Was wissen Sie über die Umstände dieser neuerlichen polizeilichen Tötung?

Dazu muss man die Situation von asylsuchenden Flüchtlingen in Griechenland kennen. Es gibt landesweit nur eine einzige behördliche Anlaufstelle, und die befindet sich in Athen. Diese Behörde hat nur samstags für wenige Stunden geöffnet. Das bedeutet, dass tagelang Tausende Flüchtlinge aus­harren und hoffen, zu den höchstens 200 Menschen zu gehören, die an diesem einen halben Tag in der Woche ihren Antrag stellen können. Alle anderen werden oft mit brutaler Polizeigewalt aus­einandergeprügelt und vertrieben.

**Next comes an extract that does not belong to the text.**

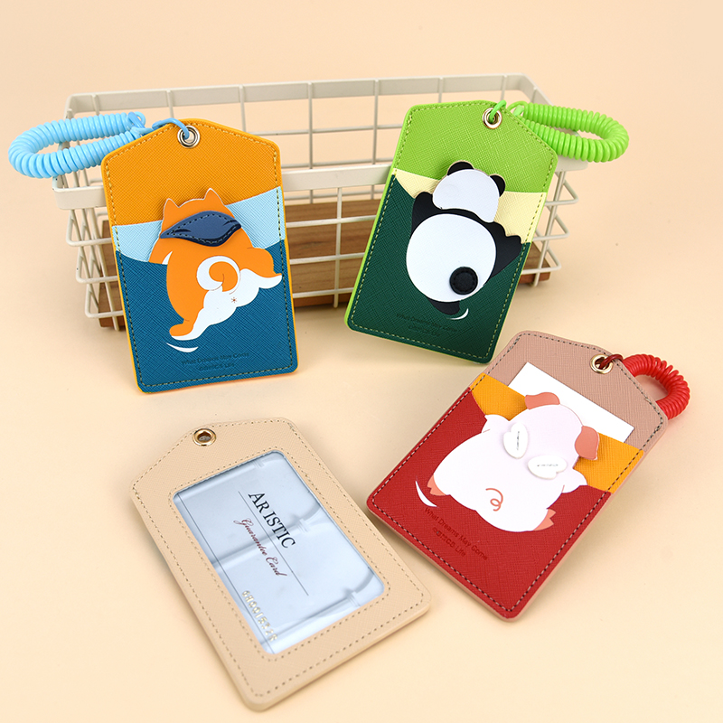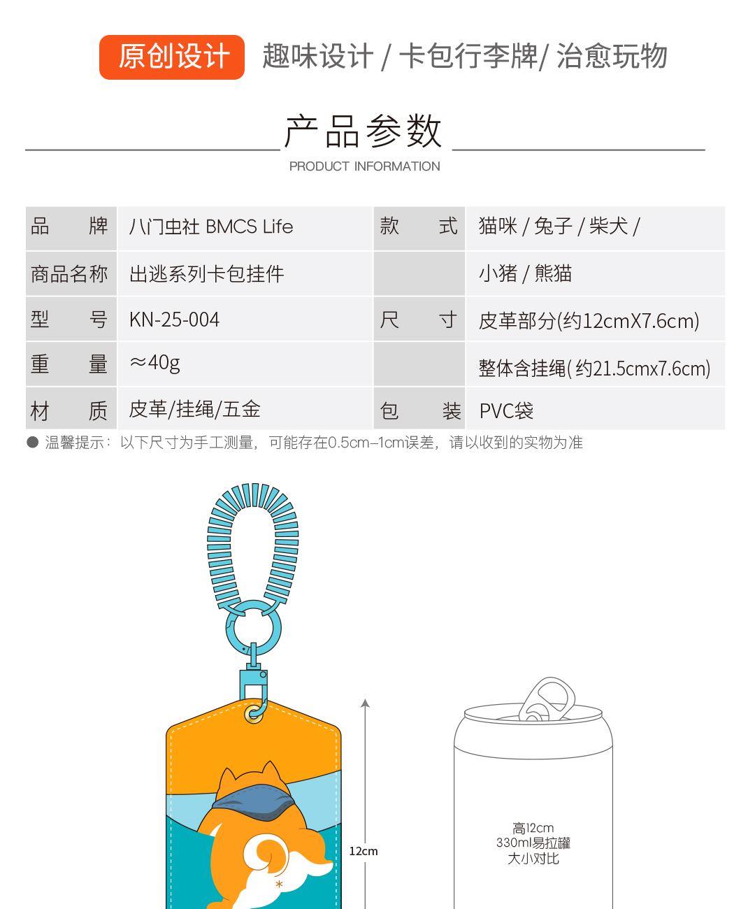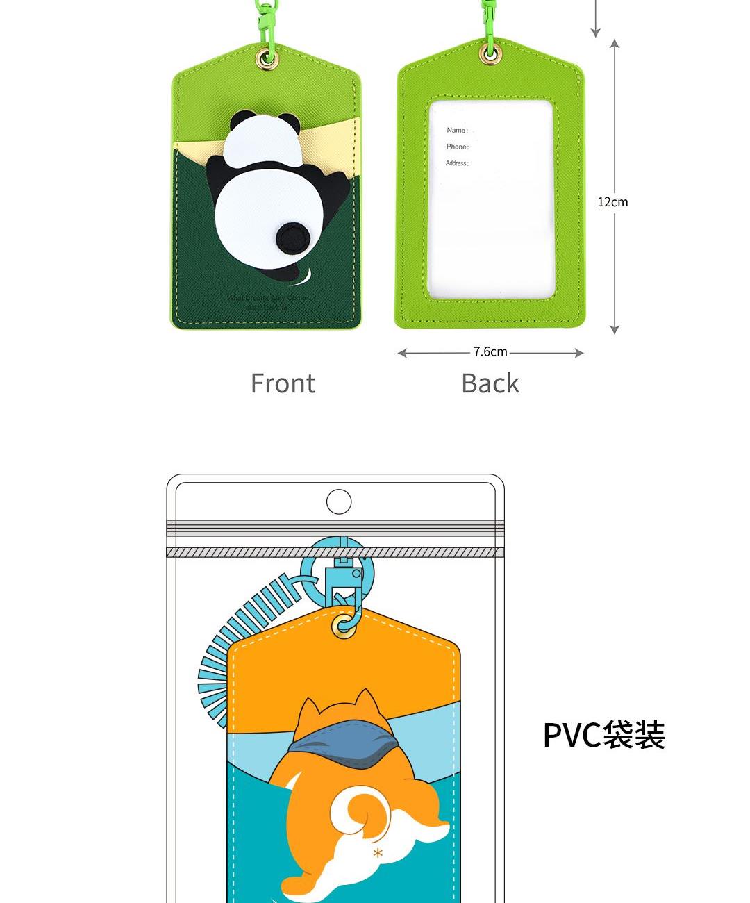 产品尺寸约12cm*7.6cm, 款式:猫咪,小兔,柴犬,小猪,熊猫 产品可多功能使用,如做卡包/卡套/工作牌等 选料选用PU皮材质,耐磨耐用不易变形, 做工上精致的缝合走线,牢固不脱线, 挂件边缘皮革手工多边打磨,不毛糙,经久耐用

Dabei ist schon im vergangenen Oktober ein Flüchtling umgekommen, ein anderer liegt seitdem im Koma. Um diese Fälle haben sich einige politische Gruppen damals gekümmert. Aber jetzt ist die Solidarität ungleich größer. Der konkreten Situation der Flüchtlinge wird wesentlich mehr Aufmerksamkeit geschenkt. Ende Januar kam es zu einer zweitägigen Besetzung der griechischen Flüchtlingsbehörde in Athen, die maßgeblich von griechischen Gruppen organisiert wurde. Seitdem gibt es jeden Samstag eine große Diskussionsversamm­lung, auf der es um die Perspektiven eines Kampfes geht, der auch die Interessen von Flüchtlingen berücksichtigt.

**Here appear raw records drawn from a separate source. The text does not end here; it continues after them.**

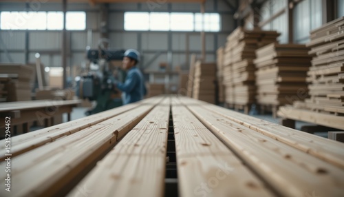Focus on Plank Wood in Workshop with Worker Operating Machinery in Background, Industrial Setting
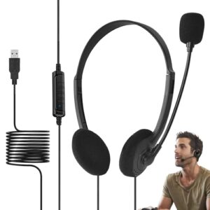 マイク付きUSBゲームヘッドセット | オーバーイヤーヘッドホン 安定した有線USBゲームヘッドセット 調節可能なボリュームコントロール付き PC/自宅/ゲーム用
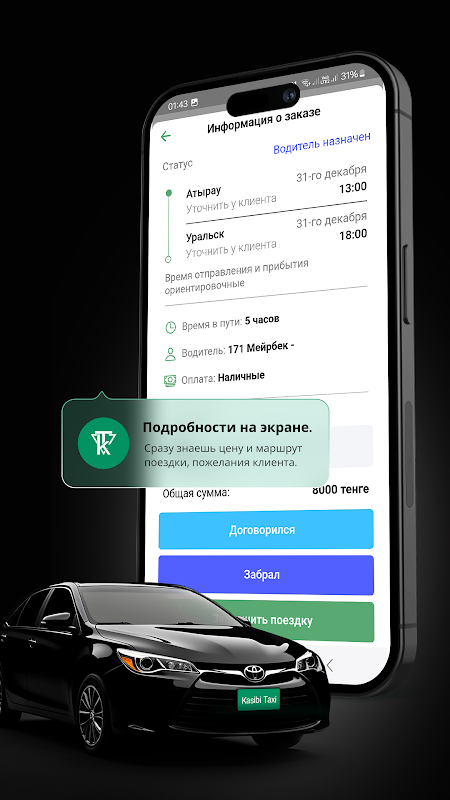 „Kasibi Driver” to aplikacja mobilna przeznaczona specjalnie dla kierowców, którzy przystąpili do usługi „Kasibi Taxi”. To niezawodne i wygodne narzędzie do zarządzania podróżami międzymiastowymi i dostawą przesyłek.

In Deutschland würde man technokratisch dazu sagen, dass sich unterschiedliche Teilbereichskämpfe annähern. Trifft das die aktuelle Entwicklung in Griechenland?

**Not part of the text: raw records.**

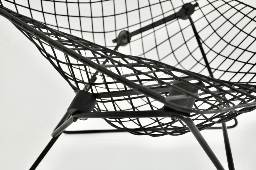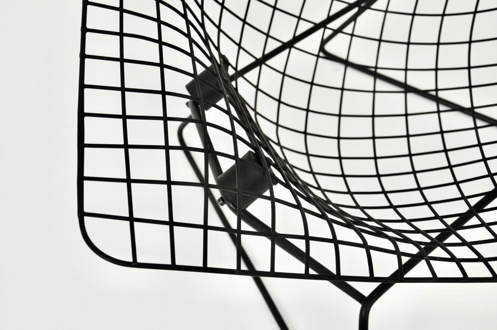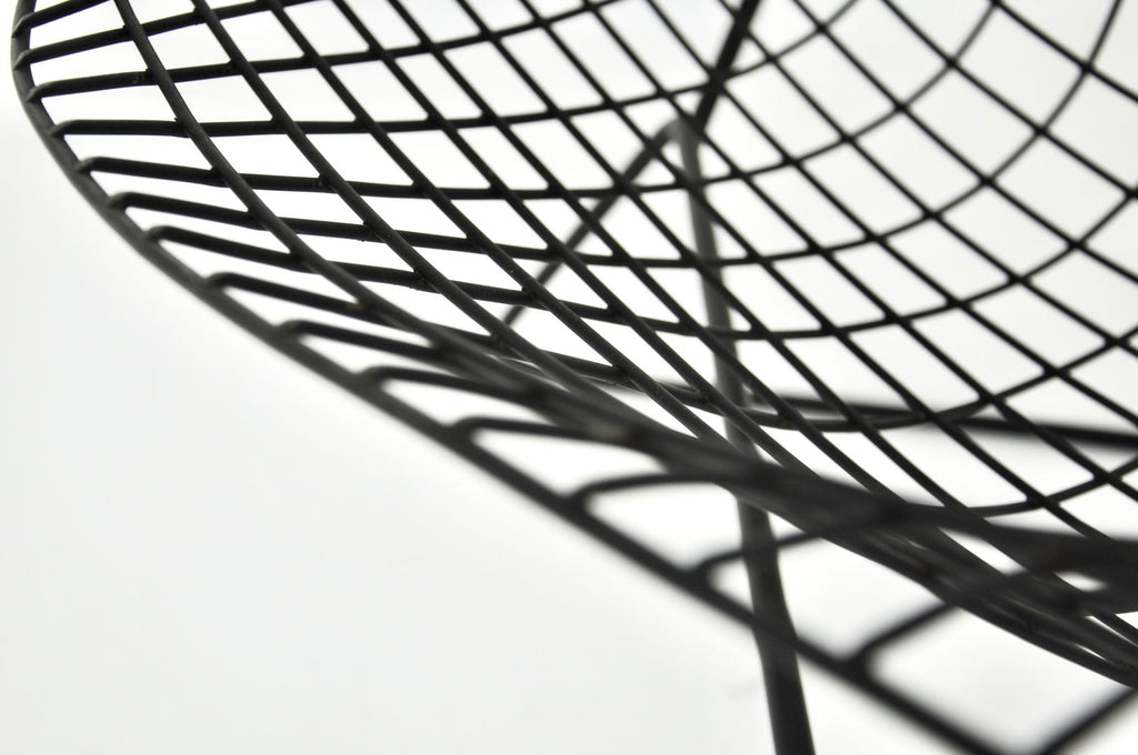 Harry Bertoia의 검은색 금속 의자. 모델: 새. 좌석 높이: 22cm. 의자의 시간과 사용 기간으로 인한 마모.
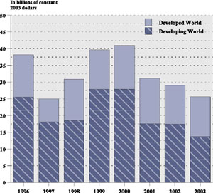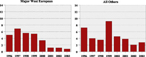 Der var ingen fredsdividende i årene mellem Golfkrigen og Irakkrigen, men afsætningskriser i våbenindustrien. Dette fremgår tydeligt af udviklingen i den amerikanske våbenindustris fortjenester frem til irakkrigens start. USA's våbenindustri havde siden 1990 mistet meget store markedsandele både på hjemmemarkedet og i EU, specielt efter indførelsen af det indre marked.
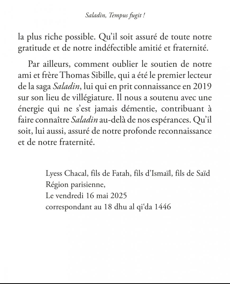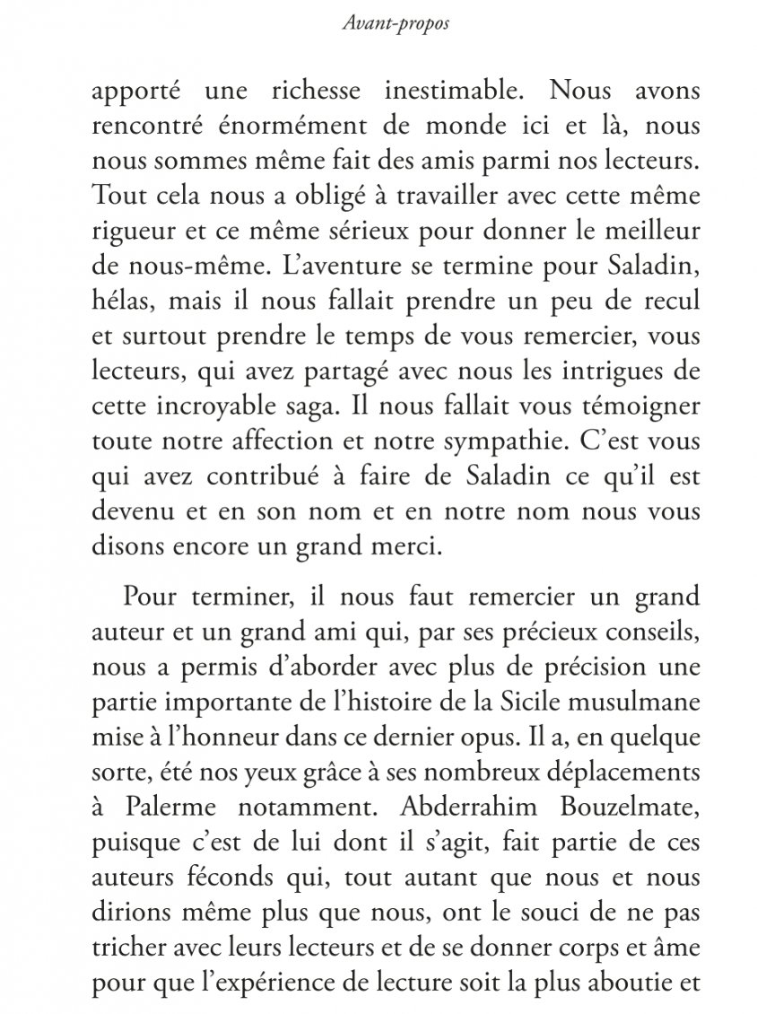 Ce dernier tome, fait de rebondissements aussi déroutants les uns que les autres, amènera le lecteur à apprécier une dernière fois la façon dont l’auteur brouille les pistes avant de révéler toute la profondeur d’un récit qui consacre non seulement la riche histoire de la présence musulmane en Sicile mais aussi et surtout le parcours initiatique auquel Saladin a été soumis tout au long de ces années avant d’être adoubé par ses pairs. Récit à la fois riche et tumultueux, Saladin aura une énième fois maille à partir avec Madame Vincent, son ex-enseignante d’histoire qui, décidément, tentera toujours de lui causer de sérieux tracas.
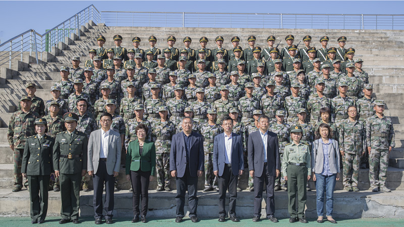 开学典礼暨军训成果汇报大会结束后,校领导和与会嘉宾与参训教官合影留念。(摄影:刘畅 黄恺 大学生记者团)
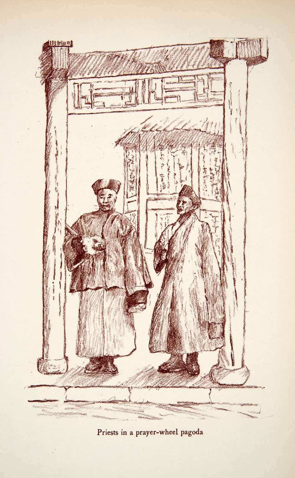 This is an original 1949 monochrome photolithograph of priests in the doorway of a Pagoda in China.
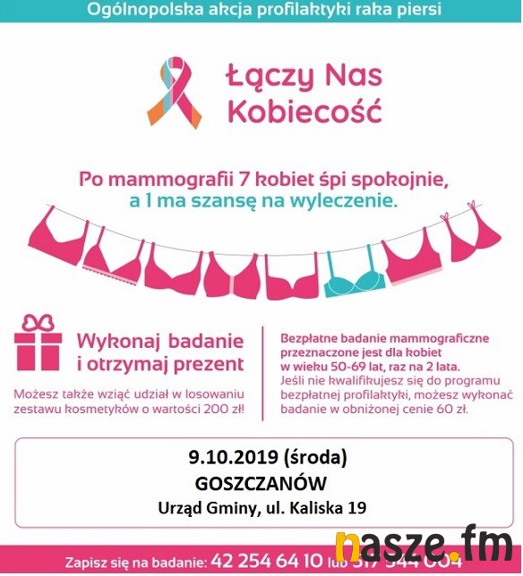 Dziś w Goszczanowie będzie można wykonać bezpłatne badania. To w ramach Ogólnopolskiej Akcji Profilaktyki Raka Piersi. Program skierowany jest do kobiet w wieku od 50 do 69 roku życia, które w ciągu ostatnich 2 lat nie korzystały z bezpłatnej mammografii.

Was die Diskussionen innerhalb der vielen organisierten Gruppen, die während der vergangenen zwei Monate in Athen auf der Straße gewesen sind, würde ich dem zustimmen. Es gibt eine neue Qualität in der Frage, welche Inhalte Teil unserer Protestaufrufe und Kämpfe sind. Denn es ist doch so: Wer in Griechenland mit der Polizei konfrontiert ist, befindet sich möglicherweise in Gefahr. Wenn aber Flüchtlinge mit den Sicherheitsbehörden konfrontiert sind, befinden sie sich in tödlicher Gefahr. Wir haben derzeit als politische Bewegung die Kraft, gemeinsam mit den Flüchtlingen eine Öffentlichkeit für ihre Situation zu schaffen und auf diese Weise Druck aufzubauen, damit sich etwas ändert. Und viele haben in den vergangenen Wochen verstanden, dass wir den Kampf um die Rechte von Flüchtlingen intensivieren müssen.

Was bedeutet das konkret?

In der Ägäis sind allein 2007 nach offiziellen Angaben 257 Flüchtlinge beim Versuch, Griechenland über das Meer zu erreichen, ertrunken. Wenn man die Schätzung des UNHCR zugrunde legt, dass für jeden dieser Toten 45 nicht entdeckte Tote anzunehmen sind, bekommt man eine Ahnung von dem Drama, das sich vor den Stränden Griechenlands abspielt. Zudem hat meine Organisation zahlreiche Zeugnisse von Überlebenden gesammelt, die schildern, dass von der griechischen Marine aufgebrachte Flüchtlingsboote wieder auf das offene Meer zurückgeschleppt wurden. Auf hoher See wurden den Booten Lecks zugefügt, und die Menschen, darunter Kinder und Jugendliche, wurden dann ihrem Schicksal überlassen. Wir müssen diese mörderische Praxis stoppen. Kaum jemand in Griechenland weiß bisher etwas über Frontex oder die »Dublin-II-Verordnung«. Die katastrophalen Zustände in den Auffanglagern, in denen es an den elementarsten Dingen fehlt, müssen wir beenden. Und zwar am besten, indem wir die Lager schließen und die Flüchtlinge als Menschen, die unsere Unterstützung brauchen, in der Mitte unserer Gesellschaft willkommen heißen.

Sind das auch die Gründe dafür, warum das diesjährige internationale No Border Camp Ende August auf der Insel Lesbos geplant ist?

Wir hoffen, die vielversprechenden politischen Ansätze aus der Revolte der vergangenen zwei Monate weiter bündeln zu können. Auf Lesbos selbst gibt es eine antirassistische Initiative, die seit zwei Jahren die Flüchtlinge dort unterstützt. Und da das politische Europa mit seiner Frontex-Agentur durch internationale Kooperationen die Festung Europa ausbauen will, müssen wir ihnen auf den Fersen bleiben, indem wir uns international organisieren und unsere Kämpfe um globale Rechte global führen.